[Saved data entries]
++++++++

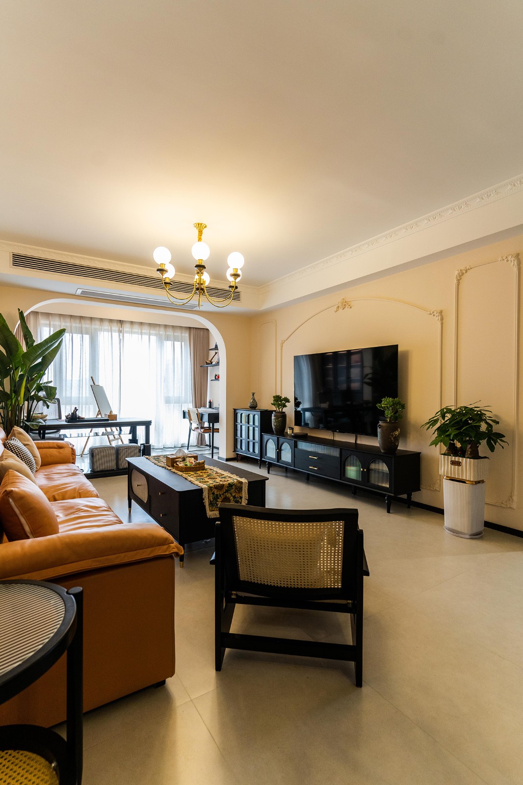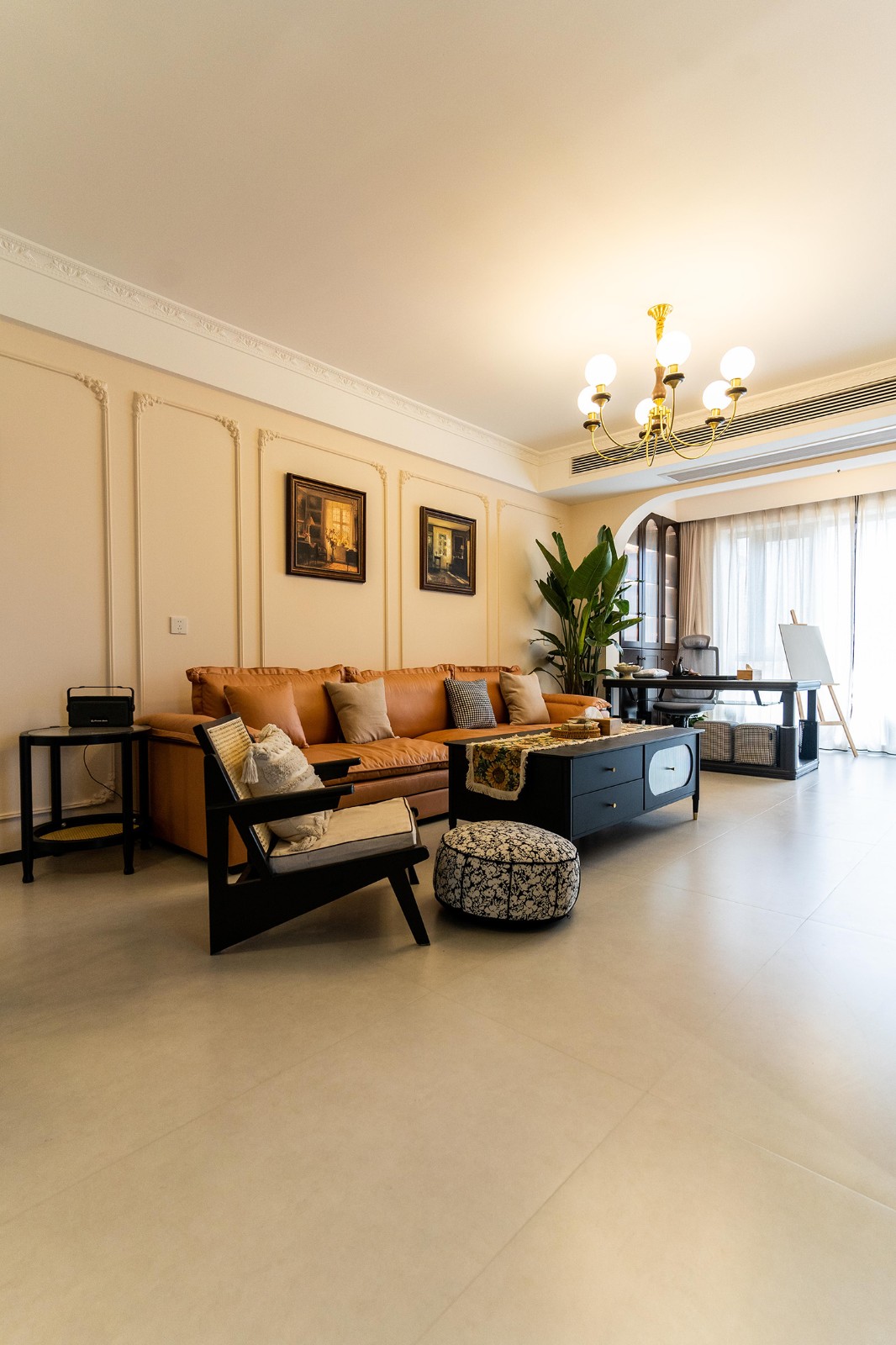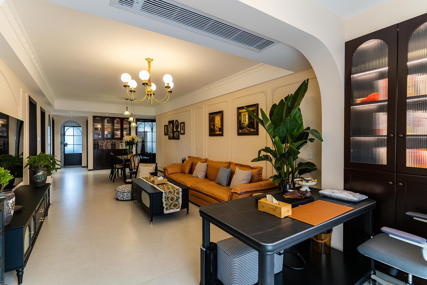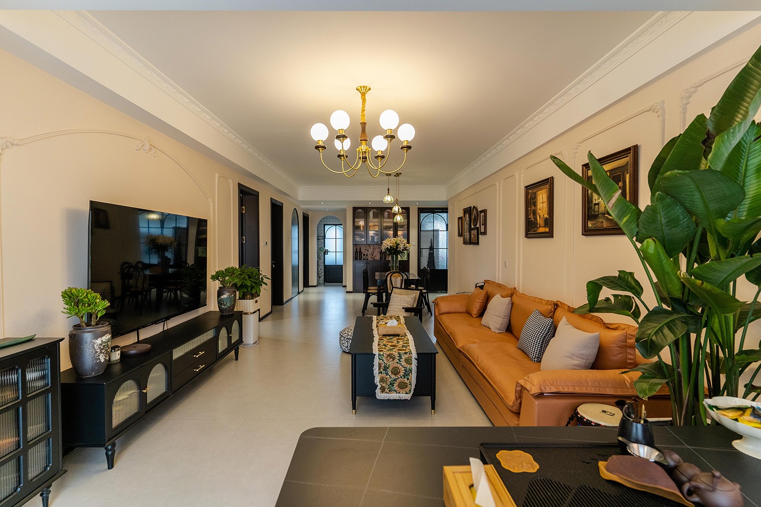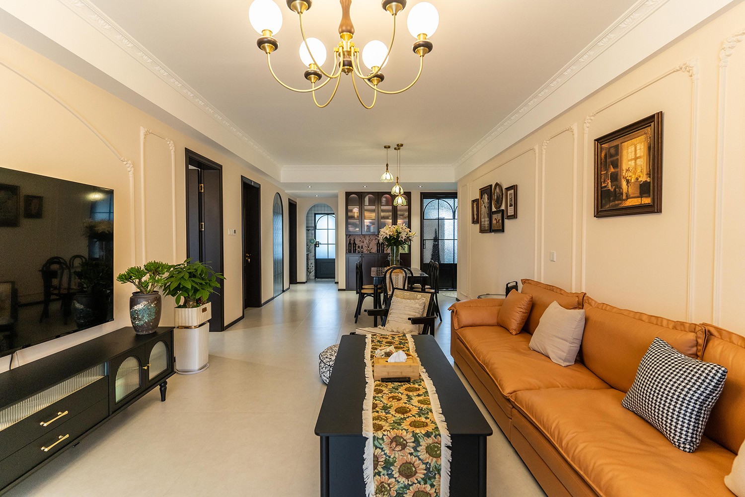 法式復古風格在山水文園113㎡的空間中,通過對色彩、材質、光影和造型的精準把握,打造出一個既有歷史沉淀又符合當代審美的理想居所。 軟糯的黑色沙發(fā),色彩與綠植形成呼應,與陽臺圍合成一處溫馨的生態(tài)空間。在快節(jié)奏、高強度的工作之余,為疲憊的身軀找到安放之處。復古的色調,仿佛是歲月沉淀的詩篇;細膩的紋理,講述著往昔的故事。吊燈投射出溫暖而柔和的光,照亮了角落里被遺忘的時光。 這不僅僅是一種設計風格,更是對生活方式的深度詮釋——在懷舊的底色中,描摹當代生活的浪漫想象;在復古的韻味里,安放現(xiàn)代人的詩意棲居。
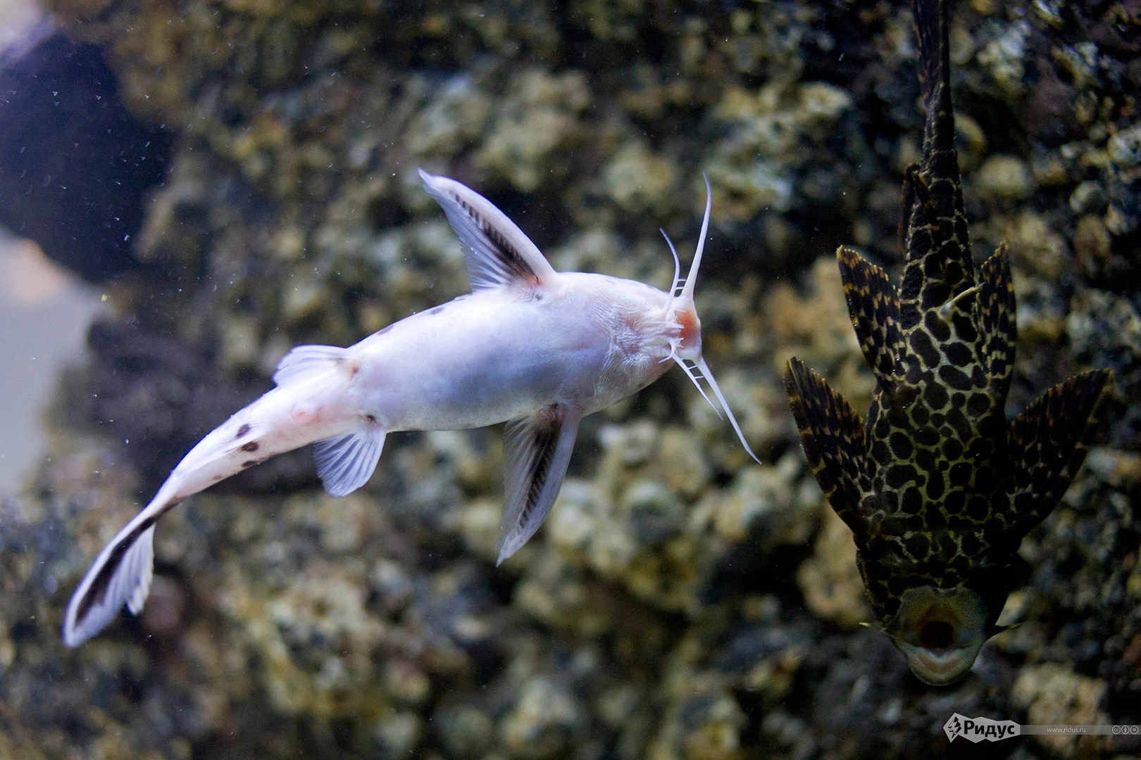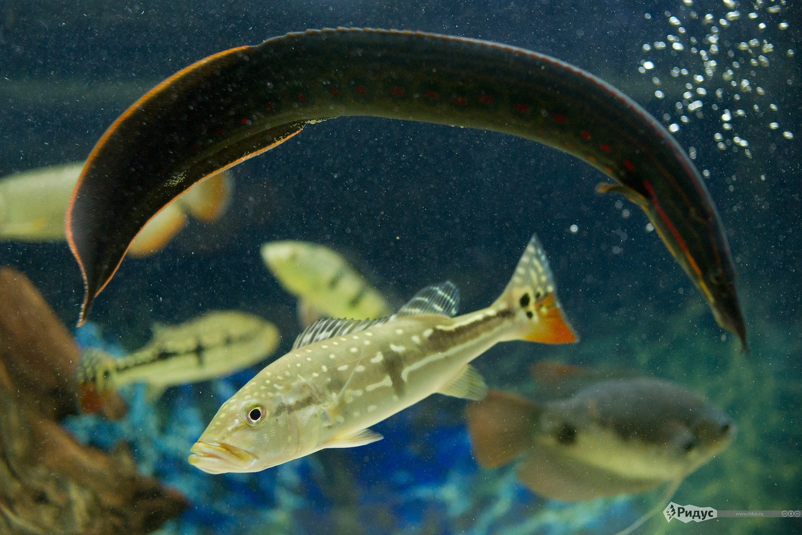 Возле гигантских аквариумов имеются удобные стулья для посетителей, которые желают полюбоваться карпами, карасями, осетрами, сомами, а также поразглядвать таких редких рыб, как, например гигантские травоядные пираньи, полностью прозрачные «стеклянные сомы», «голый карп» и другими.
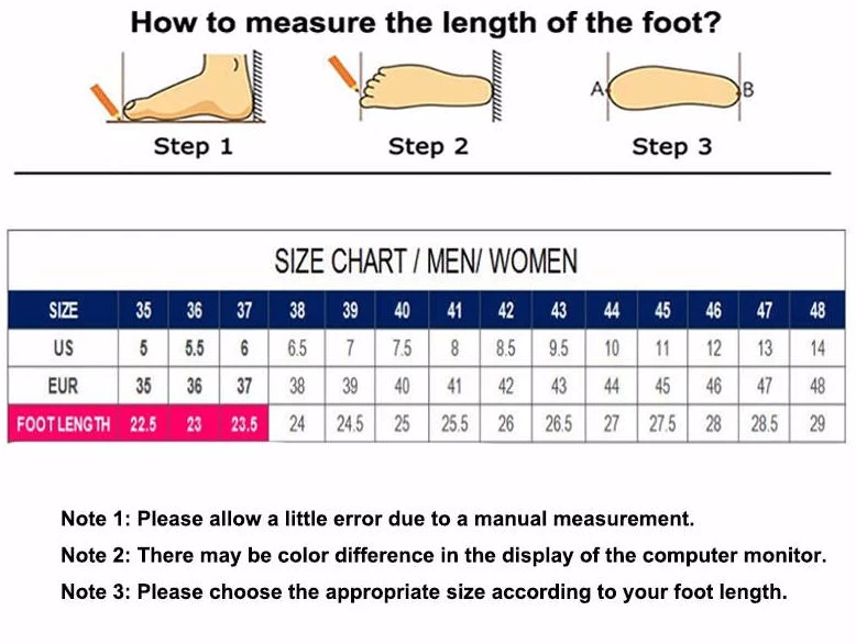 - Please refer to the shoe size chart in the picture before buying shoes to get the correct size. Since the dimensions are manually measured, there may be some errors. Please measure the length of your feet to get the best fit. Due to the different display and lighting effects of the monitor, the picture may not reflect the actual color.
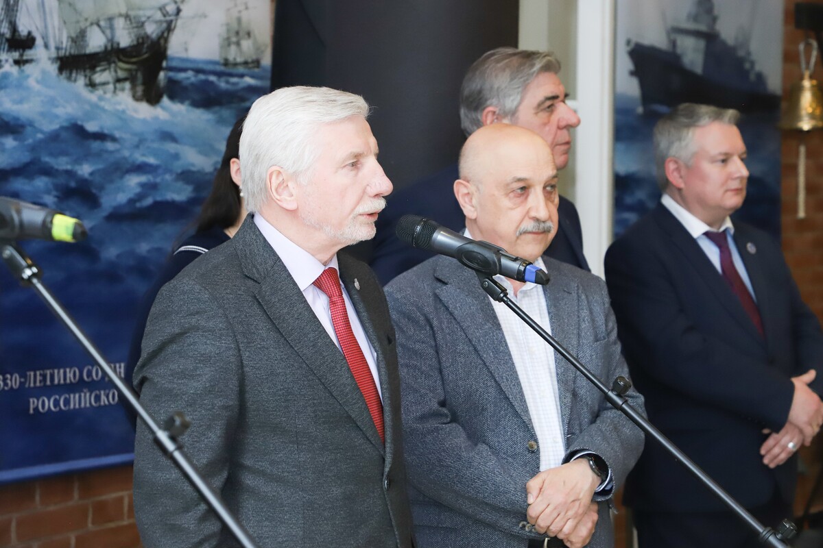 С пожеланиями успешной работы и данью уважения славным победам русских моряков выступил директор Российского государственного архива Военно-Морского Флота Валентин Смирнов, оказавший неоценимую помощь в создании экспозиции.
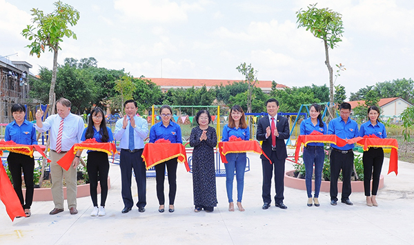 Nguyên Phó Chủ tịch nước Trương Mỹ Hoa cùng các đại biểu trao tặng sân chơi cho các em thiếu nhi tỉnh Long An

++++++++

> TO DO: Could you repeat the entries word for word, skipping the pictures they contain?

> RESPONSE TO THIS TASK:
 法式復古風格在山水文園113㎡的空間中,通過對色彩、材質、光影和造型的精準把握,打造出一個既有歷史沉淀又符合當代審美的理想居所。 軟糯的黑色沙發(fā),色彩與綠植形成呼應,與陽臺圍合成一處溫馨的生態(tài)空間。在快節(jié)奏、高強度的工作之余,為疲憊的身軀找到安放之處。復古的色調,仿佛是歲月沉淀的詩篇;細膩的紋理,講述著往昔的故事。吊燈投射出溫暖而柔和的光,照亮了角落里被遺忘的時光。 這不僅僅是一種設計風格,更是對生活方式的深度詮釋——在懷舊的底色中,描摹當代生活的浪漫想象;在復古的韻味里,安放現(xiàn)代人的詩意棲居。
 Возле гигантских аквариумов имеются удобные стулья для посетителей, которые желают полюбоваться карпами, карасями, осетрами, сомами, а также поразглядвать таких редких рыб, как, например гигантские травоядные пираньи, полностью прозрачные «стеклянные сомы», «голый карп» и другими.
 - Please refer to the shoe size chart in the picture before buying shoes to get the correct size. Since the dimensions are manually measured, there may be some errors. Please measure the length of your feet to get the best fit. Due to the different display and lighting effects of the monitor, the picture may not reflect the actual color.
 С пожеланиями успешной работы и данью уважения славным победам русских моряков выступил директор Российского государственного архива Военно-Морского Флота Валентин Смирнов, оказавший неоценимую помощь в создании экспозиции.
 Nguyên Phó Chủ tịch nước Trương Mỹ Hoa cùng các đại biểu trao tặng sân chơi cho các em thiếu nhi tỉnh Long An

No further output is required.